◆ **TASK TO COMPLETE**:
Restate the lines word for word, from the first line of the records through the line containing "Earstud 1pkg100 silver-plated, 8mm". Leave out the pictures and anything after that line.

◆ **DATASET EXCERPTS**:
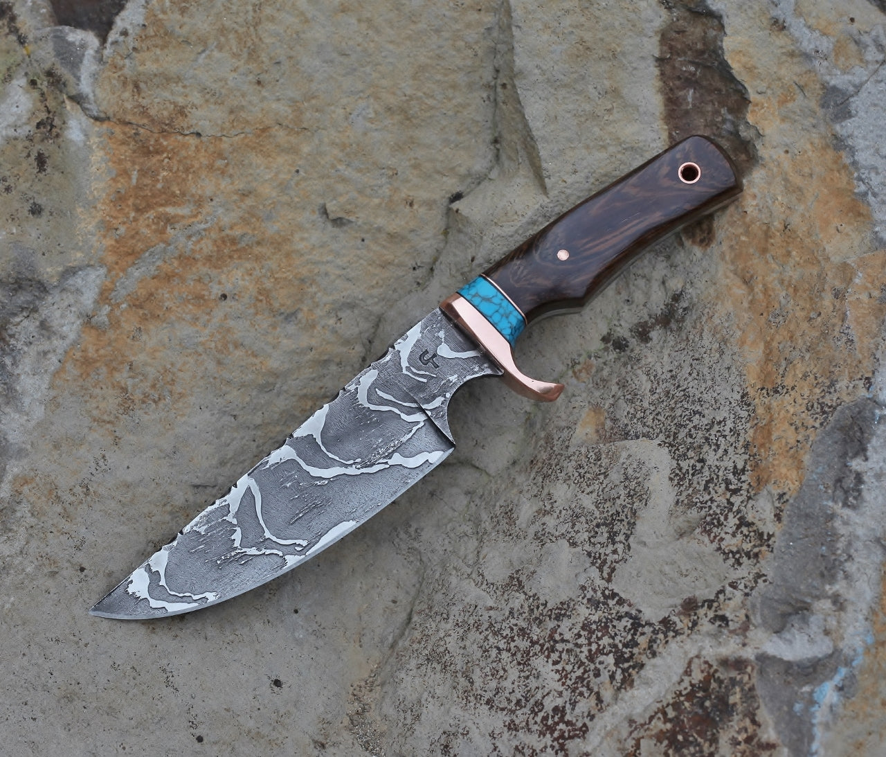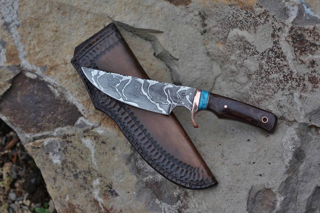 From my shop in the mountains of North Idaho. Lumber mill saw steel is reborn. Reground, oil heat treated, tempered and etched, 3/16th inch thick the steel is from an old lumber mill circular saw. The steel holds a very good edge and is easy to resharpen back to razor sharpness.
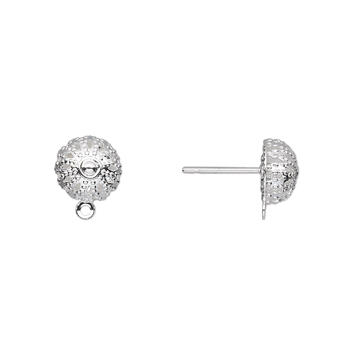 Earstud 1pkg100 silver-plated, 8mm filigree domed / closed loop, brass / stainless steel 50 pair
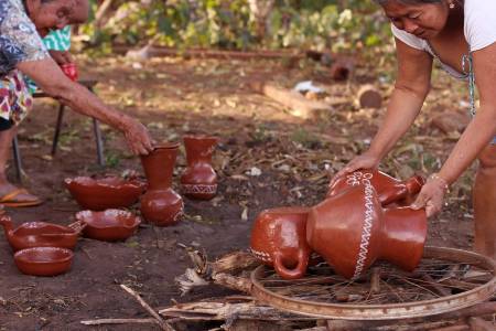 Darci Santos da Silva, coordenadora do grupo das mulheres artesãs, destaca que cerca de 37 mulheres, jovens e crianças participam do projeto com reuniões todos os sábados. “Durante nossos encontros temos como objetivo ensinar aos mais jovens nossa cultura no trabalho com a confecção de cerâmica, cestaria, nosso grafismo, específico do povo terena. Por isso, a importância de termos conquistado um espaço próprio para o desenvolvimento de nosso trabalho e, a comercialização. A maioria do que produzimos aqui, já está vendido para várias cidades do Estado como Bonito, Corumbá e Campo Grande. Mas, também vai para o exterior”, contou orgulhosa, Darci da Silva.
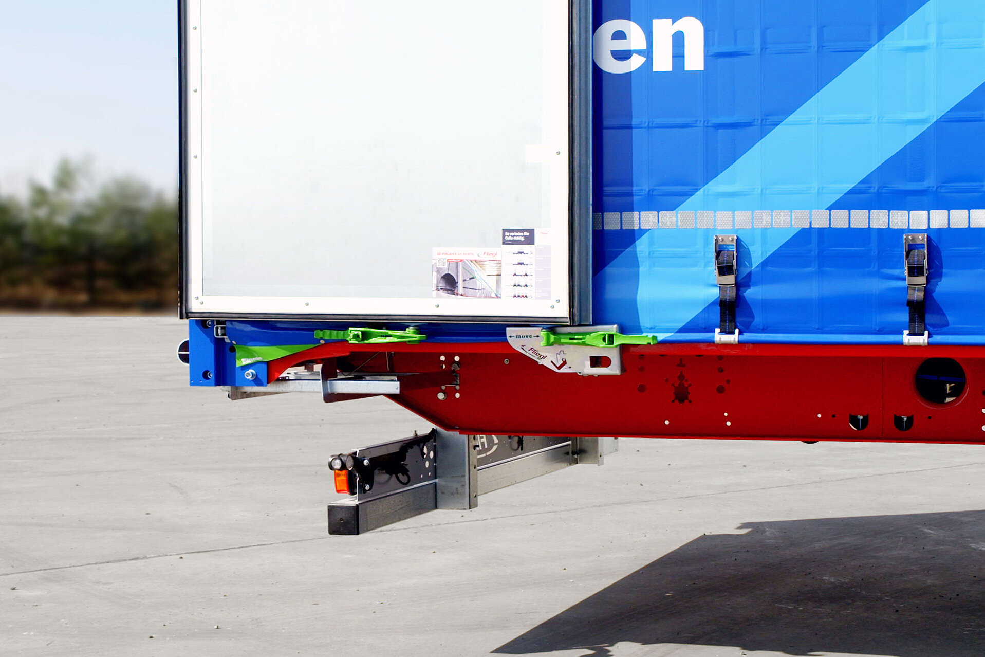 Trailer sind schließlich die perfekten Werbeträger und das auf Seitenplane und Heck. Um diese zu schützen, arretiert das Fliegl D-Lock die Hecktüren mit ausreichend Abstand, um Scheuern und Zerkratzen zu vermeiden. Ein positiver Nebeneffekt ist, dass D-Lock somit für eine freie Sicht beim Rangieren sorgt. Es ist einfach zu bedienen, wird nur hoch geklappt und ist bestens auf den Türverschluss I-Lock abgestimmt.
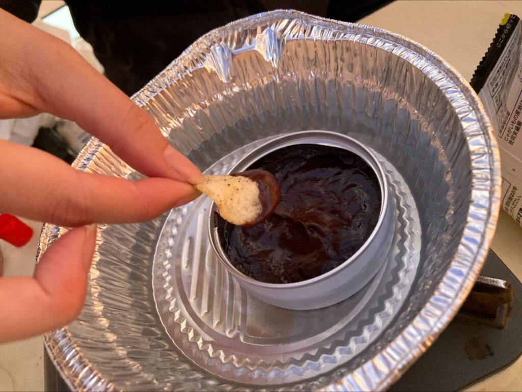 冬の屋外だとチョコがすぐ固まってしまうのが悩みですが、このソースは冷めても固まりにくいのが特徴。最後までとろとろの状態で楽しめるので、焚き火を囲みながらのまったりタイムに最適です。
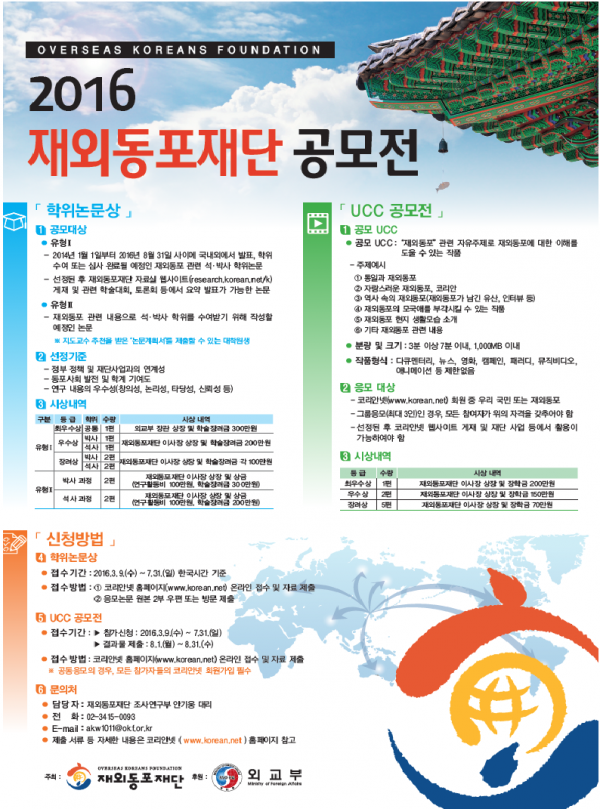 2016 재외동포재단 학위논문상 및 UCC공모전 개최 안내
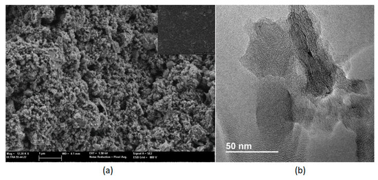 Images obtained by field-effect scanning electron microscope (FESEM) show a high porosity at the graphene surface (Figure 7a), which is helpful for gas sensing. In addition, the inset image (obtained at lower magnification) confirms that homogeneous layers can be obtained by using the spray coating technique. A high-resolution transmission electron microscopy (HR-TEM) analysis was also conducted (Figure 7b), showing graphene layers with diameters up to a hundred of nanometers.
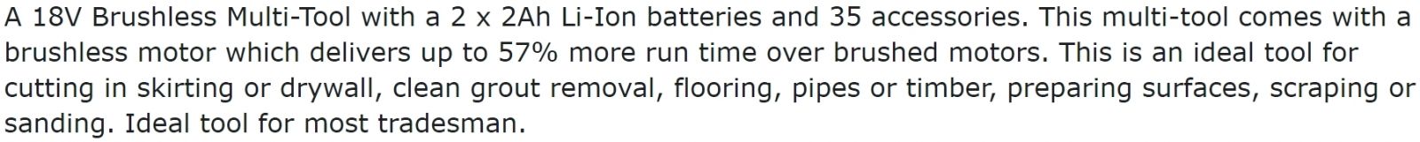 | 39881LT מולטיטול נטען מקצועי - DEWALT DCS355D2 KIT - 18V | DEWALT | מולטיטול נטען מקצועי - DEWALT DCS355D2 KIT - 18V ♦ מתח עבודה : 18V♦ זווית תנודה : 1... כלי עבודה נטענים / חשמליים » מסורים וכלי חיתוך חשמליים | לא ניתן להזמין - אזל המלאי |
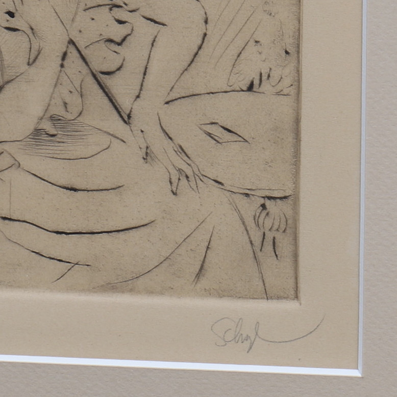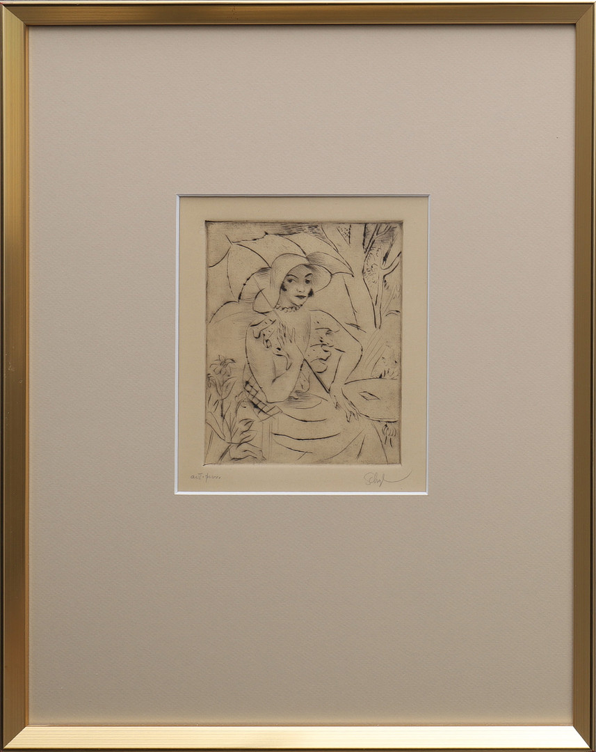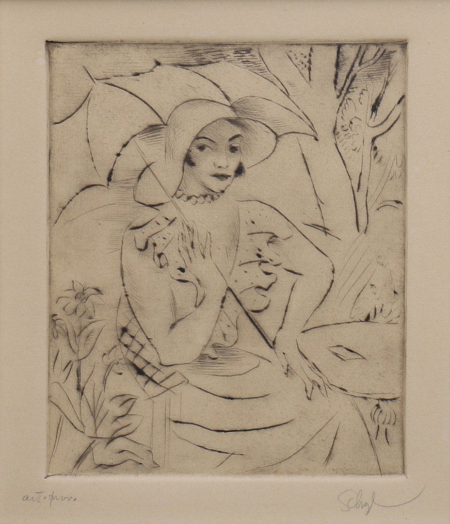 1664451. JULES SCHYL. WOMAN WITH UMBRELLA, etching.
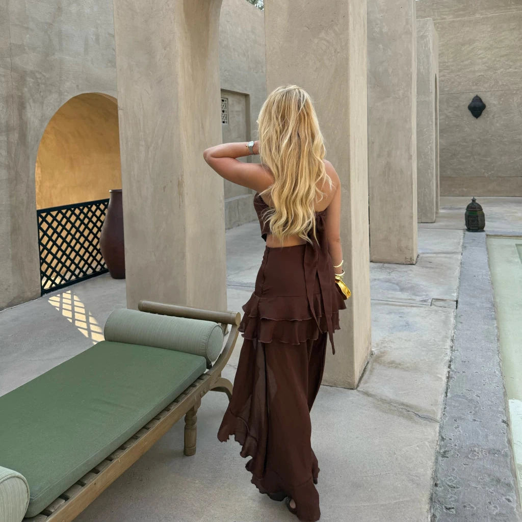 * O tecido em chiffon proporciona leve transparência e fluidez, ideal para composições sofisticadas em destinos quentes ou ocasiões especiais.
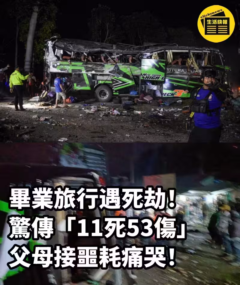 原本的快樂畢業旅行,居然成為了奪命之旅!印尼西爪哇省(West Java)近日發生一起可怕交通事故,一台載滿超過60名高中生的遊覽車,因失控造成連環車禍,導致至少11人死亡,53人受到輕重傷,許多學生家屬得知噩耗後都完全無法接受。
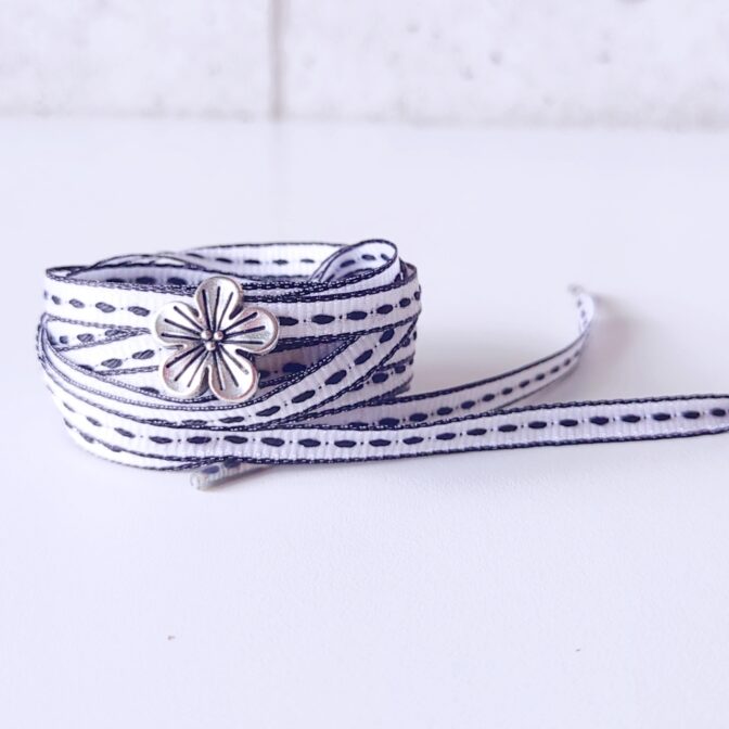●白地に、黒の縁取りと中央にステッチが入った細めリボンでつくった靴紐です♪

◆ **RESULT FOR THIS EXERCISE**:
 From my shop in the mountains of North Idaho. Lumber mill saw steel is reborn. Reground, oil heat treated, tempered and etched, 3/16th inch thick the steel is from an old lumber mill circular saw. The steel holds a very good edge and is easy to resharpen back to razor sharpness.
 Earstud 1pkg100 silver-plated, 8mm filigree domed / closed loop, brass / stainless steel 50 pair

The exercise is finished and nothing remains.